GLM5.2 Performance on AMD MI355X: Achieving High Throughput at Lower Cost
GLM5.2 Performance on AMD MI355X: Achieving High Throughput at Lower Cost
AMD MI355X delivers superior performance-per-dollar for GLM5.2
Wafer has demonstrated that the AMD Instinct MI355X can serve the GLM5.2 model with an aggregate throughput of 2626 tokens per second per node (tok/s/node) at 2.4 requests per second (RPS). This configuration achieves approximately 80% of the performance of an NVIDIA B200, while the hardware cost per GPU is estimated to be 2.75x lower than the B300.
Performance Benchmarks
Under a workload consisting of 20k input tokens and 1k output tokens with a 60% cache hit rate, the MI355X reached the following saturation point:
| Sustained RPS | Aggregate tok/s/node | TTFT p50 / p95 | Success |
|---|---|---|---|
| 0.5 | 449 | 0.59s / 0.60s | 100% |
| 1.0 | 974 | 0.60s / 0.81s | 100% |
| 1.5 | 1913 | 0.62s / 1.03s | 100% |
| 2.0 | 1944 | 0.62s / 1.05s | 100% |
| 2.25 | 2089 | 0.63s / 1.23s | 100% |
| 2.4 (saturation) | 2626 | 0.81s / 2.22s | 100% |
Additionally, in a single-stream test (10k input / 1.5k output tokens), the MI355X achieved 213 tok/s.
Technical Optimization Path
Achieving these results required overcoming several software and framework hurdles, as AMD's ROCm stack often lacks the "day-0" support provided by NVIDIA's CUDA ecosystem.
Quantization and Framework Selection
Wafer utilized AMD Quark to quantize the base bf16 GLM-5.2 model to MXFP4. This quantization was found to be effectively lossless compared to the official FP8 quantization, with minimal impact on benchmarks such as GSM8K and GPQA-Diamond.
For the inference engine, sglang was selected over vLLM and ATOM because it provided the least friction for native support of the MXFP4 quantization while remaining coherent.
Enabling Speculative Decoding
Speculative decoding was not supported out-of-the-box in the sglang ROCm image, requiring two specific fixes:
- Weight Mapping Fix: A mismatch between the MTP (Multi-Token Prediction) head's module prefix and the main decoder stack caused quantization lookup failures. By duplicating the layer 78 entries in the Quark un-quantized list under the decoder name used by sglang, Wafer unblocked speculative decode, resulting in a nearly 3x gain in single-stream throughput.
- ROCm Guard Implementation: Deep speculative decode (e.g., the 5/1/6 config) was blocked by a fused multi-step metadata kernel that lacked a ROCm guard.
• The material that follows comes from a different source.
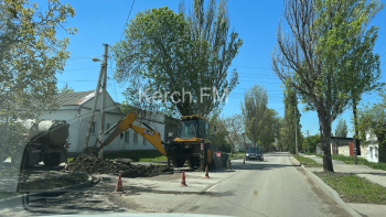 В Керчи 4 мая на улице Комарова устраняют порыв водовода. Для этого сотрудники водоканала разрыли новый асфальт, - передает  Керчь.ФМ.

Adding an
#ifdef USE_ROCMguard resolved this issue.
Throughput and Kernel Tuning
To maximize aggregate throughput, Wafer shifted from a Tensor Parallelism 8 (TP8) configuration to a TP4×DP2 (Data Parallelism) configuration.
Furthermore, the team discovered that GLM-5.2's fp4 MoE (Mixture of Experts) was defaulting to a slow FlyDSL heuristic fallback on the sglang image. By manually tuning the MoE kernel selection for GLM's specific fp4 shapes (model_dim 6144, moe_inter 2048, E=256, topk=8), throughput was increased to the final 2626 tok/s/node.
Industry Implications and Community Perspective
This implementation suggests that the "CUDA moat" is eroding as agentic coding and manual optimization can bridge the gap between hardware capabilities and software support.
Community Counterpoints
While the technical achievement is notable, community members on Hacker News raised several critical points regarding the real-world applicability of these benchmarks:
- Quantization Quality: Some users argued that FP4 quantization is rarely truly lossless in practice and can lead to "lobotomized" models that lose frontier-level quality.
- Benchmark Validity: Critics noted that the 60% cache hit rate and the use of speculative decoding significantly influence the results, questioning if these represent typical production workloads.
- Metric Gaps: Discussion highlighted the absence of performance-per-watt metrics, which are critical for data center operators outside the US where electricity costs are higher.
- Production Viability: Some questioned whether these optimizations are primarily "benchmark hacking" for single-stream traffic rather than a scalable production strategy.